Stored data entries
──────
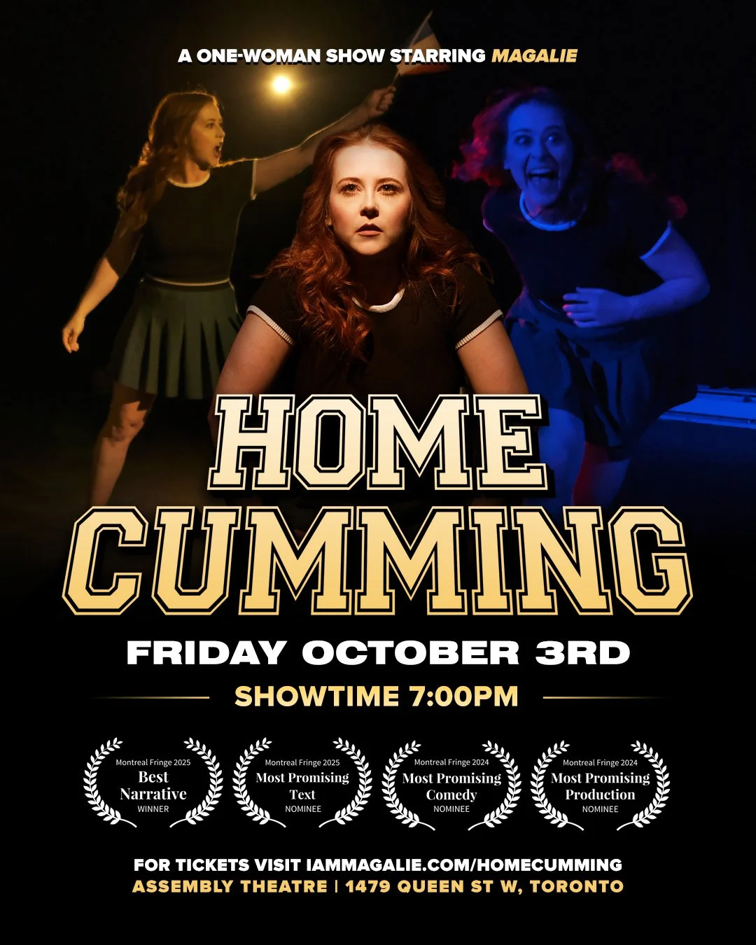 Homecumming was nominated for two Frankie awards at Montreal Fringe 2024 : “Most Promising Comedy” and “Most Promising Production”.
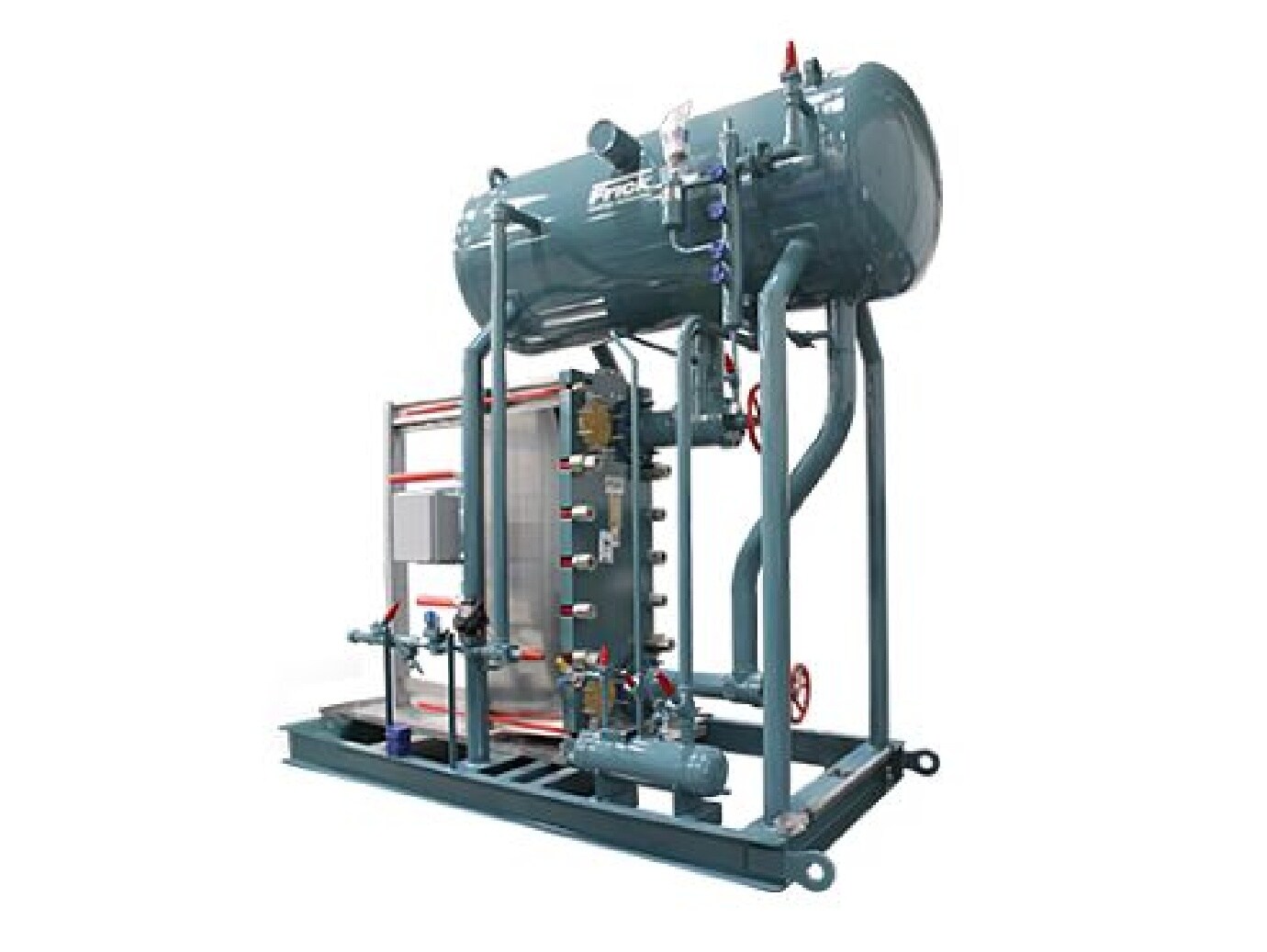 A plate and frame heat exchanger mounted on a structural base, piped to a liquid separator and wired with a NEMA 4 liquid level control panel.
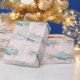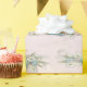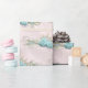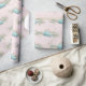 Wrapping paper with a repeating pattern of a photo of blue roses surrounded by sprigs and leaves and fancy baubles. The baubles also form a crown shape. White flowers and pretty blue bows and white lacy ribbon also surround the roses. Set on a dusty pink marble background.
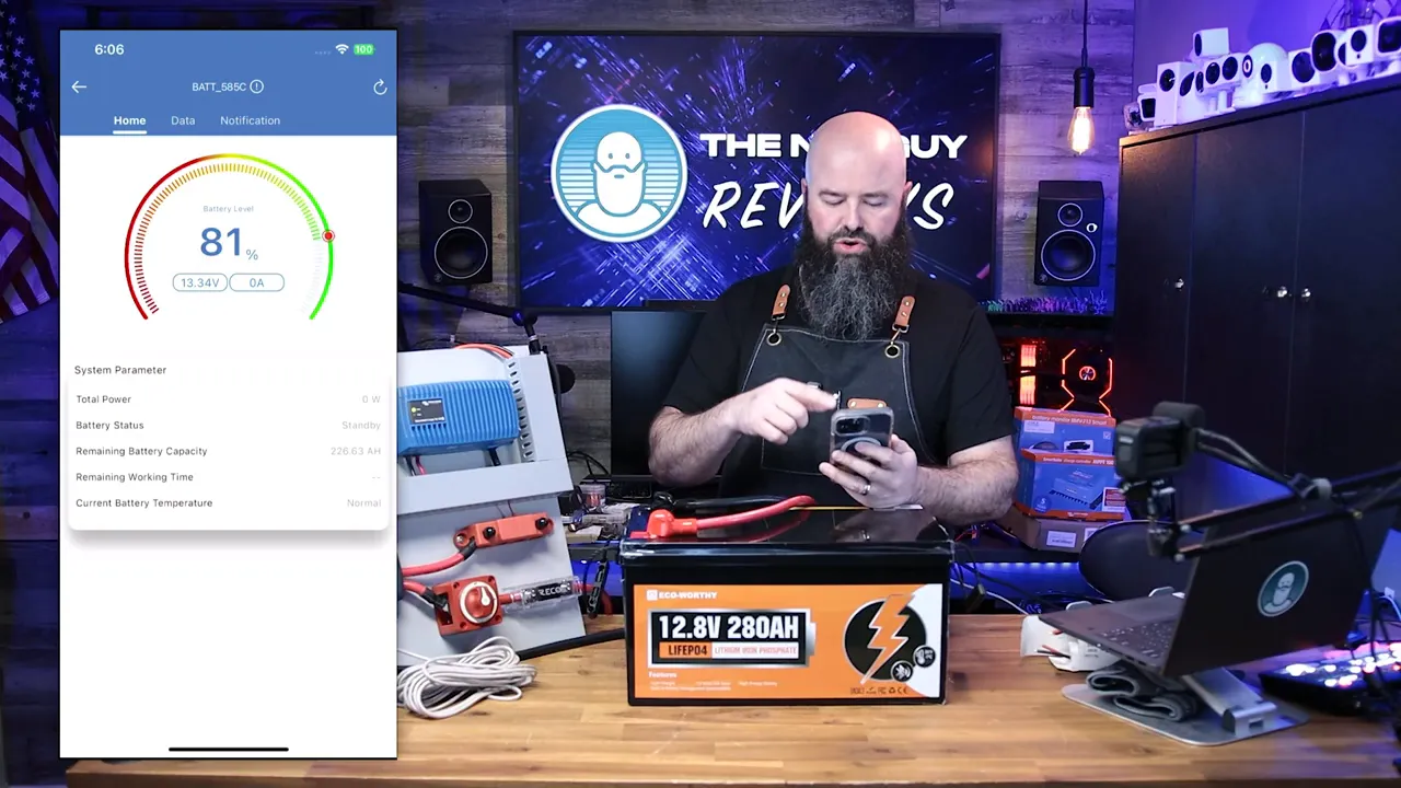 One of the features I really like about this Eco-Worthy pack is the built-in Battery Management System (BMS) with Bluetooth. In the early days of DIY Li-ion packs you had to assemble cells and add external BMS modules, manage balancing manually, and that always added complexity and risk. This Eco-Worthy unit has an internal BMS that takes care of:
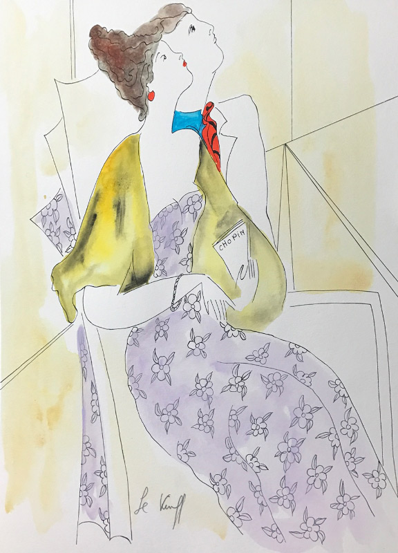 LE KNIFF, Linda (French, 1949-): ''Listening to Chopin'', Pen and Ink with Watercolor, 19.625'' x 16.25'', signed in lower margin, unframed.
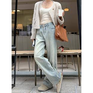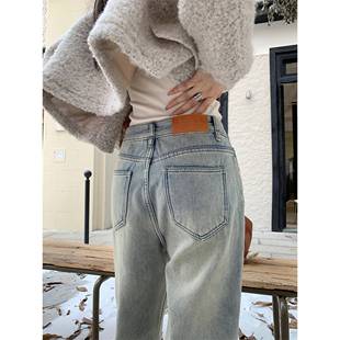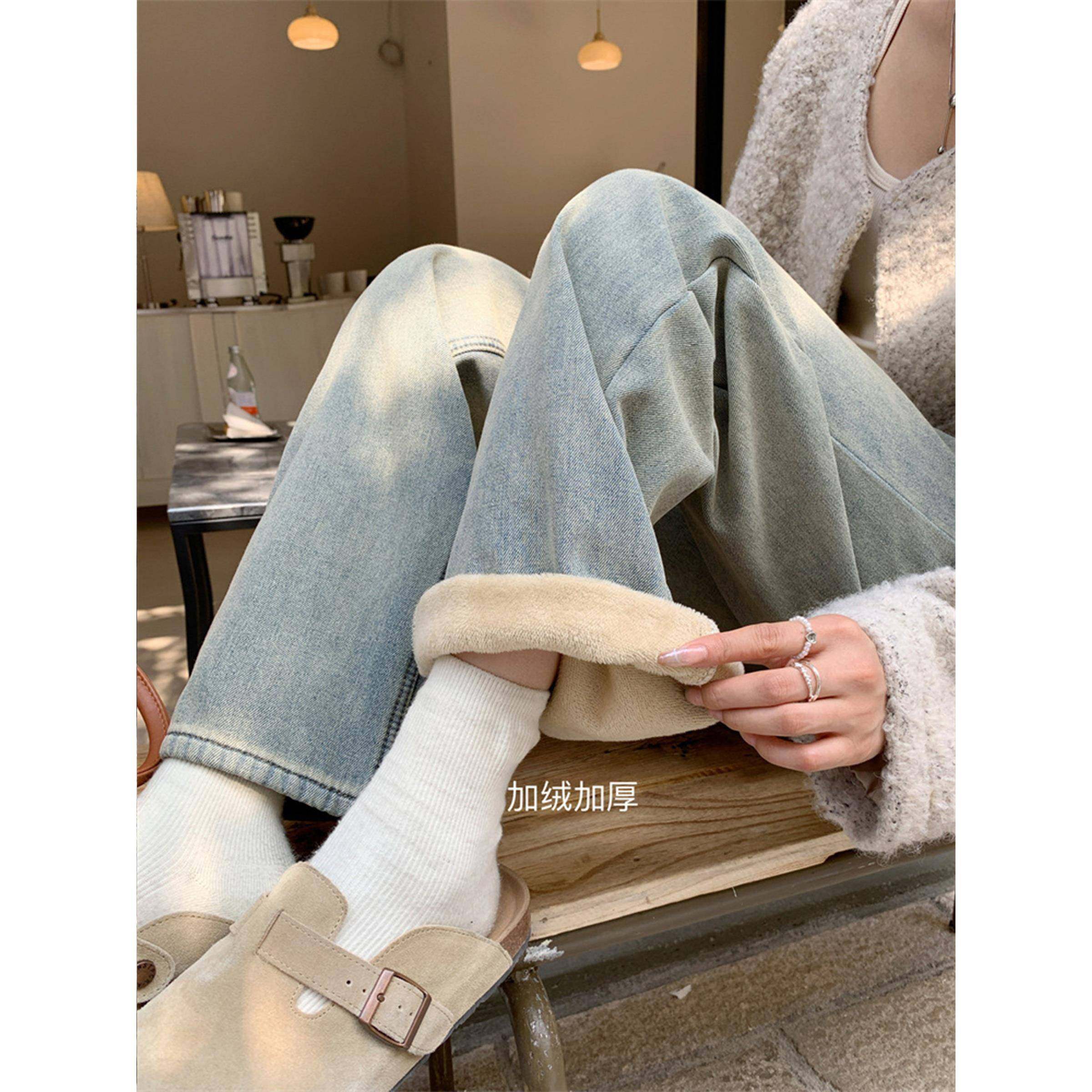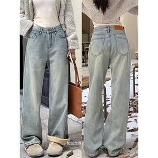 宽松保暖加绒阔腿裤 女2024秋冬新款 潮 蓝色显瘦高腰直筒牛仔裤 韩版
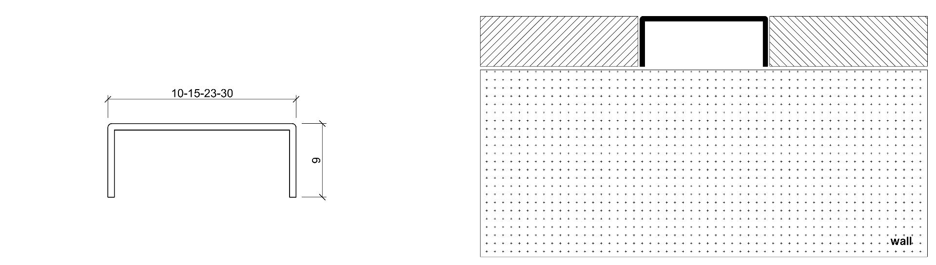 PD98 ist ein Dekor-Profil mit zur Fliese bündiger Edelstahlfläche. Es ermöglicht es, in ausgewählten Bereichen optische Akzente zu setzen. Wir fertigen PD92 in den Breiten 10 mm, 15 mm, 23 mm und 30 mm und in Edelstahl gebürstet, glänzend und hochglanzpoliert. Auf Wunsch sind die gebürstete und die glänzende Variante auch in den Farben Gold, Bronze und Anthrazit erhältlich.
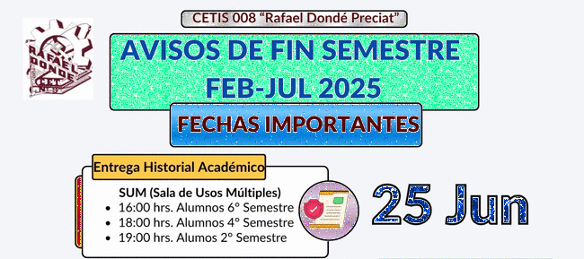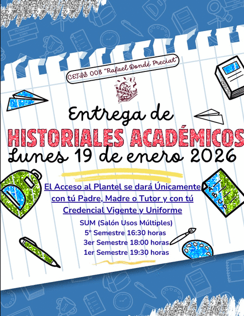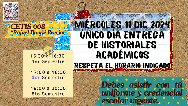 Buen día Estimados Padres de Familia y Tutores. Reciban un cordial saludo y utilizamos este medio para informarles que el día Viernes 8 de Diciembre de acuerdo al aviso enviado al correo institucional de sus hijos, será la entrega de HISTORIALES ACADEMICOS, por lo cual requerimos su presencia y participación. Contamos con su asistencia, gracias.
──────
For this exercise, please reproduce the records above exactly and drop the images.

• **Result**
 Homecumming was nominated for two Frankie awards at Montreal Fringe 2024 : “Most Promising Comedy” and “Most Promising Production”.
 A plate and frame heat exchanger mounted on a structural base, piped to a liquid separator and wired with a NEMA 4 liquid level control panel.
 Wrapping paper with a repeating pattern of a photo of blue roses surrounded by sprigs and leaves and fancy baubles. The baubles also form a crown shape. White flowers and pretty blue bows and white lacy ribbon also surround the roses. Set on a dusty pink marble background.
 One of the features I really like about this Eco-Worthy pack is the built-in Battery Management System (BMS) with Bluetooth. In the early days of DIY Li-ion packs you had to assemble cells and add external BMS modules, manage balancing manually, and that always added complexity and risk. This Eco-Worthy unit has an internal BMS that takes care of:
 LE KNIFF, Linda (French, 1949-): ''Listening to Chopin'', Pen and Ink with Watercolor, 19.625'' x 16.25'', signed in lower margin, unframed.
 宽松保暖加绒阔腿裤 女2024秋冬新款 潮 蓝色显瘦高腰直筒牛仔裤 韩版
 PD98 ist ein Dekor-Profil mit zur Fliese bündiger Edelstahlfläche. Es ermöglicht es, in ausgewählten Bereichen optische Akzente zu setzen. Wir fertigen PD92 in den Breiten 10 mm, 15 mm, 23 mm und 30 mm und in Edelstahl gebürstet, glänzend und hochglanzpoliert. Auf Wunsch sind die gebürstete und die glänzende Variante auch in den Farben Gold, Bronze und Anthrazit erhältlich.
 Buen día Estimados Padres de Familia y Tutores. Reciban un cordial saludo y utilizamos este medio para informarles que el día Viernes 8 de Diciembre de acuerdo al aviso enviado al correo institucional de sus hijos, será la entrega de HISTORIALES ACADEMICOS, por lo cual requerimos su presencia y participación. Contamos con su asistencia, gracias.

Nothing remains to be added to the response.